In a popular song I have heard Charon spoken of as a “bird like unto a black swallow,” which compares curiously with the passage in the twenty-second Odyssey, where Athena is represented as sitting on the roof of the palace at Ithaca like a swallow, on the day of vengeance for Penelope’s suitors.
It will be apparent from the above remarks that at the time of the change of religion from paganism to Christianity, names were given to saints to supply wants felt by the abandonment of polytheism. There are many instances of this. For example, St. Eleutherius is the saint called upon by women in childbirth to deliver them; deaf people are recommended to consult St. Jacob (Ἄκουφος as he is called, κουφος—deaf), and in Lesbos I was told that St. Therapon could heal all manner of diseases. In the same way young married people who wish for a numerous progeny chose St. Polycarp as their patron saint, so that they may have many teeth in their house, as the saying goes (πολὺ 'δοντια 'στὸ σπίτι).
St. Charalambos is, however, the Æsculapius of modern days. He used to hold jurisdiction over the plague, and is represented as a hideous wizard, trampling under foot a serpent with smoke issuing out of its mouth; and in fever-stricken, marshy districts St. Charalambos still reigns supreme. In many places it is the custom on the outbreak of a pestilence for forty women to make a garment in one day, which is hung up in the saint’s church. For instance, at Zephyria, the mediæval capital of the island of Melos, which was abandoned altogether about twenty years ago as unfit to live in, I visited the ruins, and in the centre of them saw still standing the church of St. Charalambos, and an old man, who happened to be picking his olives there at the time, told me the history of the desolation, and the methods they used to resort to when he was young to rid the place of disease; how they used to bury heifers whole; and how they used to fasten up illnesses in a cauldron—that is to say, they wrote down the names of the various maladies on paper, and boiled them in a cauldron with some money and a cock in front of the shrine of the modern Æsculapius. But in vain; the town had to be abandoned, for it had been cursed by a priest, and never could hope to recover salubrity.

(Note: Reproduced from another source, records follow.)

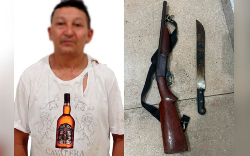 Com o consentimento da vítima, a PM realizou uma revista minuciosa na residência. Durante a operação, foram encontrados um facão e uma escopeta calibre 20, que foram apreendidos e apresentados na delegacia como provas do crime.
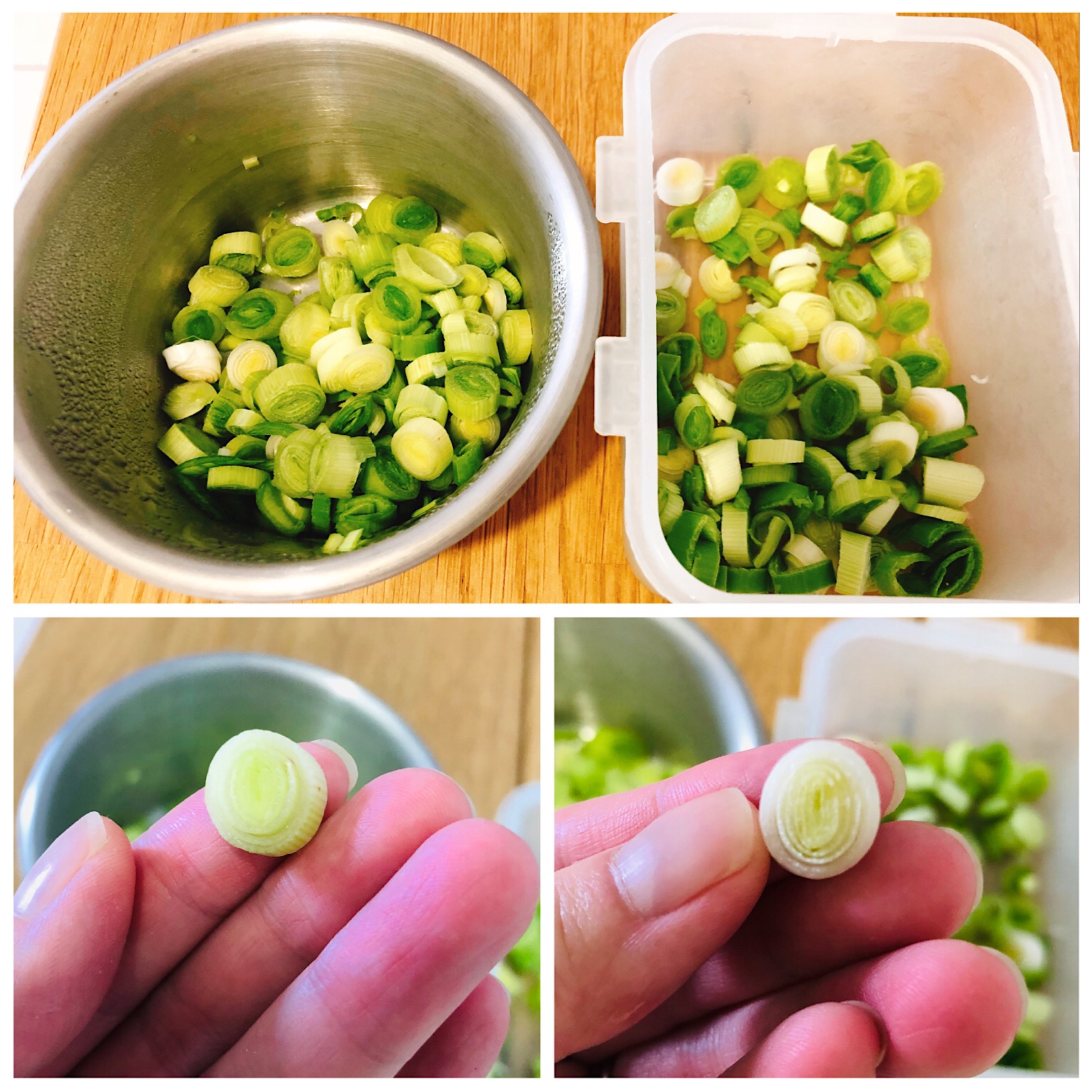 來和塑料樂扣比較一下,同樣存放在冰箱裡三天的蔥花,酷藝師保鮮盒的仍然青春水嫩,塑料保鮮盒的就已經人老珠黃。
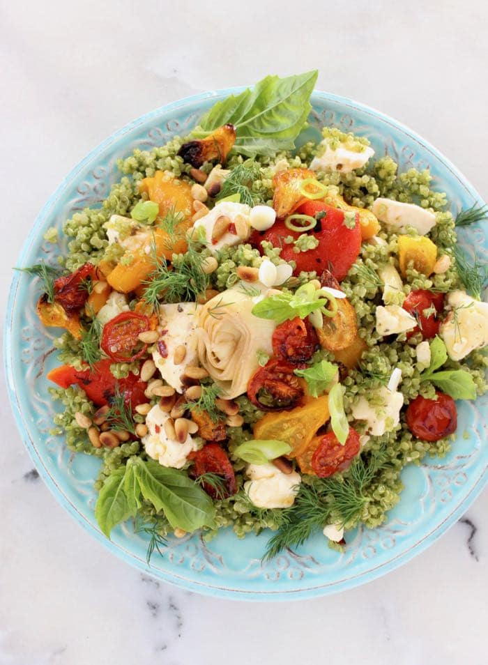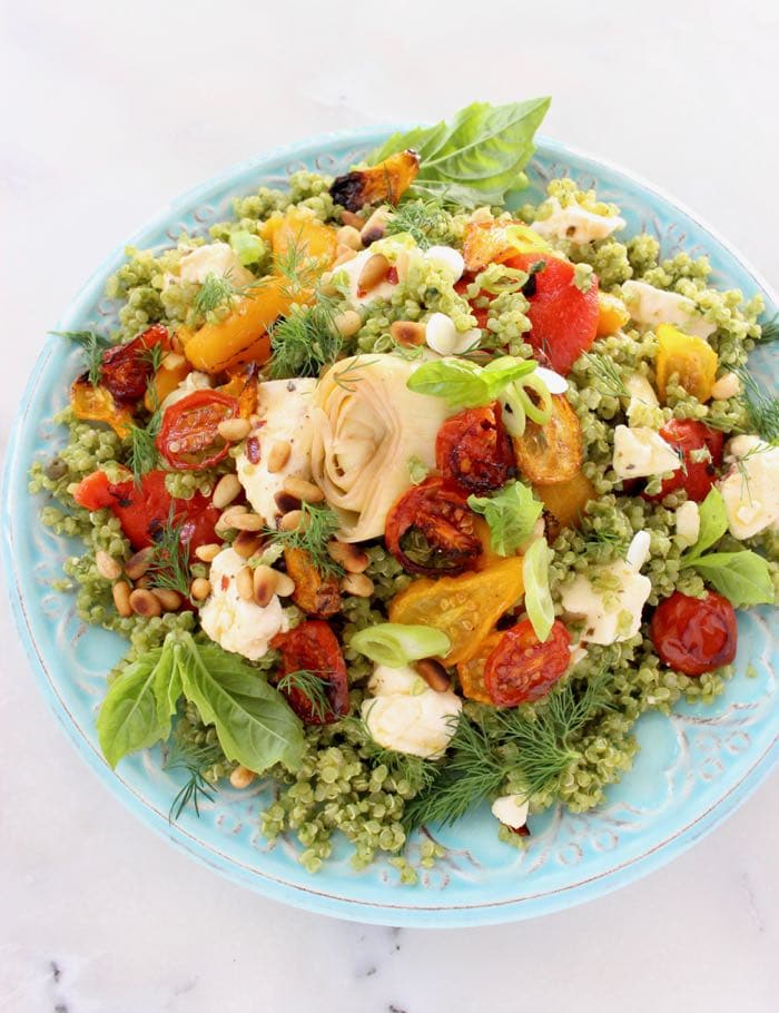 - Add the cooked quinoa and pesto to a large bowl. Toss to combine well then spoon it on a nice serving platter. Top with the marinated artichokes, feta cheese and roasted peppers. Sprinkle with the oven roasted tomatoes, capers and pine nuts. Garnish with the fresh dill, basil and scallions.

It is a very common custom for Greek peasants to pass the night in a church of St. Charalambos with a view to cure an ailment; at festivals too, near miraculous eikons, such as the one at Tenos, the invalids pass whole nights in the church, reminding one forcibly of that ridiculous scene in Aristophanes (Plut. vv. 655) when the priests stole the food from the invalids who were asleep in the temple of Æsculapius, and we can easily see in this custom a mild form of the ancient ἐγκοίμησις when the sick folks lay down in the skin of a newly killed ram in the churches, and in this luxurious couch awaited the inspiration of the divinity.